As used herein, the term "nanobody" (Nb) refers to the smallest antigen-binding fragment or single variable domain (V) derived from a naturally-occurring heavy chain antibodyHH) And are known to those skilled in the art. They are derived from heavy chain-only antibodies, as described in camelids (Hamers-Casterman et al, 1993; Desmyter et al, 1996). Immunoglobulins lacking light polypeptide chains are found in the family "camelids". "Camelidae" includes old world camelids (Bacillario camel (Camelus bactrianus) and dromedarius) and new world camelids (e.g. alpaca (Llama paccos), Llama (Llama glama), alpaca (Llama guanicoe) and alpaca minor (Llamavicula)). Single variable domain heavy chain antibodies are referred to herein as nanobodies or VHHAn antibody.
An "antibody fragment" comprises a portion of an intact antibody, such as the antigen binding or variable region of an intact antibody. Examples of antibody fragments include Fab, Fab ', F (ab')2And Fv fragments; a diabody; linear antibodies (Zapata et al, Protein Eng.8(10):1057-1062 (1995)); domain antibodies (dAb; Holt et al (2003) Trends Biotechnol.21: 484); a single chain antibody molecule; and multispecific antibodies formed from antibody fragments. Papain digestion of antibodies produces two identical antigen-binding fragments, called "Fab" fragments, each with a single antigen-binding site and a residual "Fc" fragment, the name reflecting the ability to crystallize readily. Pepsin treatment to yield F (ab')2A fragment that has two antigen combining sites and is still capable of cross-linking antigens.

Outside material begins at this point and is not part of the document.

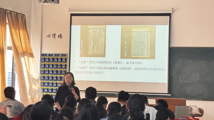 课程中,宋馥香老师运用文献资料详细讲解了西周的政治制度与春秋时期的变革。此外,老师还对所教授的内容进行了小结和思考,以具体历史案例为依托,深入剖析这一时期政治、经济和文化的发展状况。课堂氛围活跃,学生们积极思考并参与讨论,对西周与春秋的历史变迁有了更清晰的认识。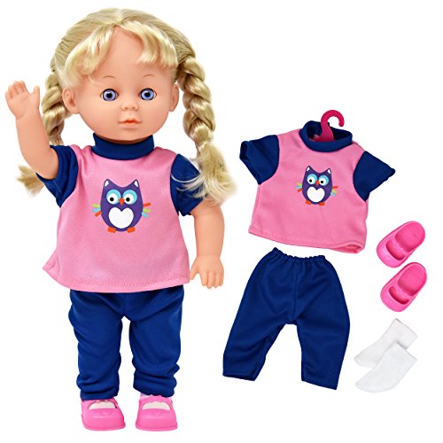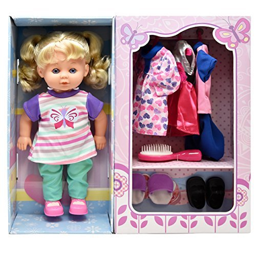 -. Feature : SUPER CUTE LOVEABLE DOLL: This doll offers an incredible way to keep your little one entertained for hours and gives her a best friend that she can hang out with. The doll also comes with a lot of accessories, 3 different outfits with hangers for all occasions, shoes, slippers, and a brush. / NATURAL APPEARANCE AND REALISTIC DETAILS: Our dolls look like real babies and have intricate details like stunning blue eyes, natural expressions and rightly proportioned arms and legs. Kids will love to play with the beautiful shiny blond hair. / EFFECTIVE CHILD DEVELOPMENT: This incredible doll provides a superior alternative for pretend play - it helps in cognitive development of the child and instills in her emotions of love and nurturing. It is also an ideal way to familiarize the baby with the body parts, and to acquaint her with grooming, dressing independence, and hygiene practices with the help of clothes, plastic shoes, and brush. / TRENDY AND SAFE: This doll comes with an adorable vibrant colored striped shirt with butterfly print and matching pants, pink shoes, and white socks - trendy and modern look! Her pigtails make her look irresistibly cute! Take her along wherever you go and dress her up accordingly! Pajamas and slippers for bedtime fun, party dress, and extra top for any occasion! / MADE FOR DOLLS TO PLAY BRAND - See our other Dolls, Strollers, Playpen, etc. by clicking on the Brand Name right under the product title. Dolls To Play is an exclusive Company, manufacturing higher end Dolls and accessories for deserving children. Our dolls, toys, and accessories are the perfect gift for Christmas, Birthdays, or any other time!

"Fv" is the smallest antibody fragment that contains the entire antigen recognition and antigen binding site. This region consists of dimers of a heavy chain variable domain in close, non-covalent association with a light chain variable domain. Therein, theIn the configuration, the three CDRs of each variable domain interact to define the antigen binding site at VH-VLOn the surface of the dimer. The six CDRs collectively confer antigen binding specificity to the antibody. However, although a single variable domain (or half of an Fv comprising only three CDRs specific for an antigen) has the ability to recognize and bind antigen, it is at a lower affinity than the entire binding site.
The Fab fragment also contains the constant domain of the light chain and the first constant domain of the heavy Chain (CH)1). Fab' fragment is due to heavy chain CH1The carboxy terminus of the domain is distinguished from the Fab' fragment by the addition of a small number of residues, including one or more cysteines from the antibody hinge region. Fab '-SH is the name for Fab' herein, in which the cysteine residues of the constant domains carry a free thiol group. F (ab')2Antibody fragments were originally produced as Fab' fragment pairs with hinge cysteines in between. Other chemical couplings of antibody fragments are also known.
The "light chain" of an antibody (immunoglobulin) from any vertebrate species can be assigned to one of two distinctly different types (termed κ and λ) based on the amino acid sequence of its constant domains. Immunoglobulins can be assigned to different classes depending on the amino acid sequence of the constant domain of their heavy chains. There are five major classes of immunoglobulins: IgA, IgD, IgE, IgG, and IgM, and several of these classes can be further divided into subclasses (isotypes), such as IgG1, IgG2, IgG3, IgG4, IgA, and IgA 2. Subclasses can be further divided into various types, such as IgG2a and IgG2 b.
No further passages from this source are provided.